Before you attempt to read this interview turn, if you will, to KV2’s home page and observe the photo. If you ever thought a picture was only worth a thousand words, think again. To the far right of an otherwise empty theatre auditorium sits the lone figure of George Krampera, his face a line between puzzlement and enigma. The Mona Lisa but with the smile replaced by that somewhat Central European countenance that suggests weltschmerz. It is truly iconic, an allegorical depiction almost.

Yet speak to many of the Czech’s disciples at his company KV2 - and let’s call them that rather than employees - and they are united in saying that George Krampera’s holistic approach to sound has but one goal… namely to make people smile. And if that is your mission in life, then where better to start than at the top? When a KV2 Audio ESR215 system was used at last year’s AES Conference on Sound Reinforcement held in Montreal, legendary producer and fellow inventor, George Massenburg, commented after mixing a local jazz band: “We simply don’t realise what we are missing until we hear a system of this quality.” To which AES chairman Peter Mapp added: “This is the best sound we have had at an AES Conference in the last 25 years.” There’s some serious gravitas behind those comments. That first remark would have made George himself smile, because his goal is also about plugging drop-outs missing content in the signal chain, to achieve perfectly articulated sound.

So now turn back to that home page and read the caption underneath that picture. Just for a few minutes, forget everything else you have read about speaker system design and think about what truly defines clear, quality sound.

Suddenly it all has more resonance… by packaging a lethal combination of transducer, electronics and acoustic design, it is as if some meteorite representing the source is hurtling off at hypersonic speed to the earth’s core. Replacing slick user interfaces with their own hybrid A/D conversion, and avoiding destructive interference of the HF his technique is as masterful and beguiling as anything the Sirens conjured up for luring people into places they thought they didn’t want to go. And that is the traditional world of point source.

In an industry increasingly dominated by a confederacy of corporate suits producing homogenised systems, the febrile mind of George Krampera continues to challenge perceptions, old tenets and modern trends alike. In fact, as soon as our Skype call became active, he began immediately riffing on sound theories, largely bypassing the introductory pleasantries. From building sound systems in communist Czechoslovakia, both before and after the Russian invasion of 1968, his journey both figuratively and geographically has taken him and his family halfway around the world.

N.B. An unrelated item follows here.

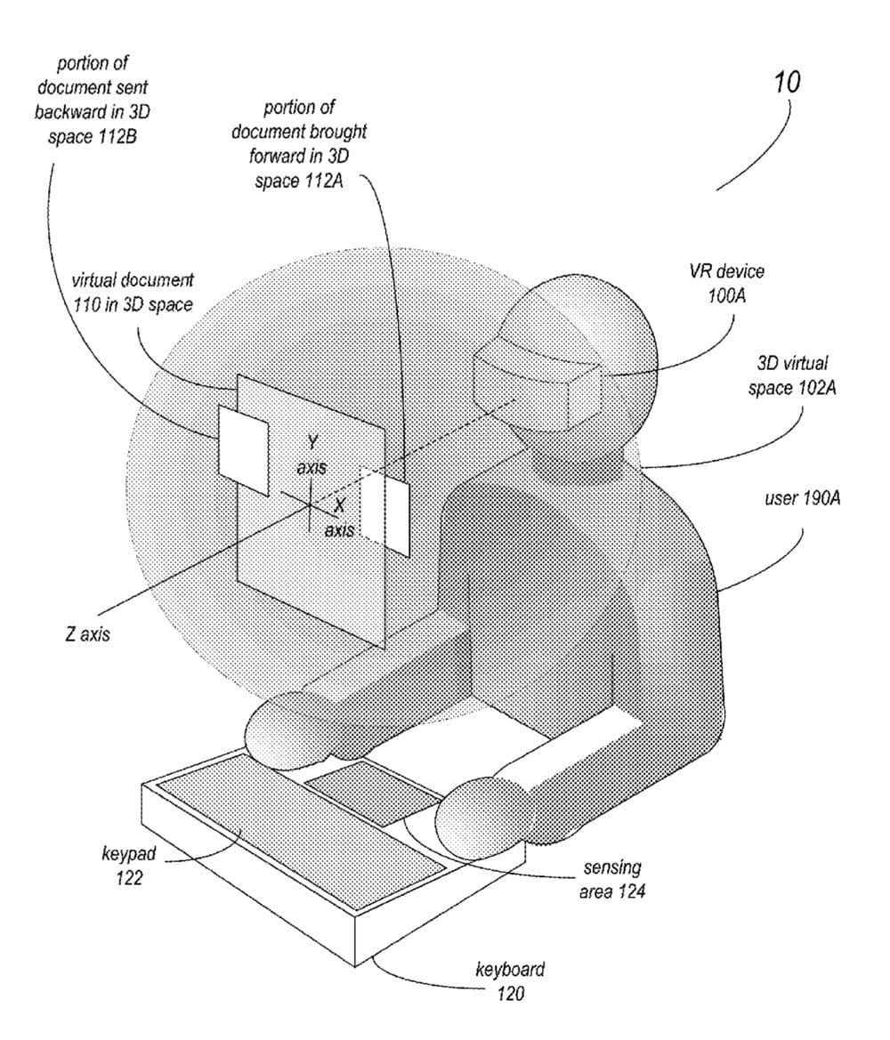 Apple has been granted a patent (number 20180081519) for a 3D document editing system that includes a virtual reality and/or augmented reality device and an input device (e.g., keyboard) that implements sensing technology for detecting gestures by a user.

After producing some of the industry’s best-loved guitar and bass amps, and small powered speakers, his long-term destiny was fulfilled 14 years ago when he set up KV2 in the small town of Milevsko in Southern Bohemia. He will gainsay those who throw the word ’genius’ at him, stating that he has simply respected the laws of physics - and the ‘appliance of science’, that he has been learning since building his first radio at 10.

The fact that George’s father had been one of the first TV and radio specialists in Czechoslovakia may help to explain his precocious talent. “The drawers were always full of tubes and resistors rather than clothes,” George remembered. Inevitably, it wasn’t long before, as a teenager, he was also surrounding himself with valves and transistors that would form the basis of those early super-heavy guitar amps, plugged with so many transformers, in the era before solid state. This was serious ordnance, and the holy grail of every audiophile, and applications ranging from radio and TV to military radar.

Continuing his electronic training after leaving school, George worked as a technician in Prague repairing equipment while retaining a strong connection with the local music scene. His die was already cast, when in the ‘60s the pop revolution from the UK swept into the country, and the world was turned upside down. George was born in 1950, and with its rich, industrialised heritage, Czechoslovakia had provided the perfect opportunity for an empirical adventure. “We were fortunate that the government had invested large sums of money in military and propaganda, and that included high quality audio and recording technology. For example, all studios were equipped with Studer consoles and recorders, and in many cases recordings from those times are better than they are today.” In the second half of the ‘60s, the regime was more open to the West and therefore musicians had more freedom. “But when in 1968 the Russian tanks came in, they stopped that freedom and there was a complete loss of movement,” he said wearily. George was building amplifiers for top Czech bands and in the late ‘70s started making a living mixing the sound for the best band in the country, ETC. “I also built a mixer for live music with 13 knobs on each channel including two parametrics - everyone said who needs it, but today it’s the norm, it’s standard.

Yet there was a pervading feeling of hope-lessness bordering on nihilism. “I didn’t see any future for my kids, they could not study at University. Everything was going down and I could only see things only getting worse.” And so in 1982, still in his early ‘30s, George loaded his young family into their car and left everything they owned behind to escape to Austria via Yugoslavia. Once safely across the border, George was granted asylum status and, after waiting six months for the paperwork to come through, his family emigrated to Canada - George, his wife, daughter Jana and son Jiri (George) who was five years her junior.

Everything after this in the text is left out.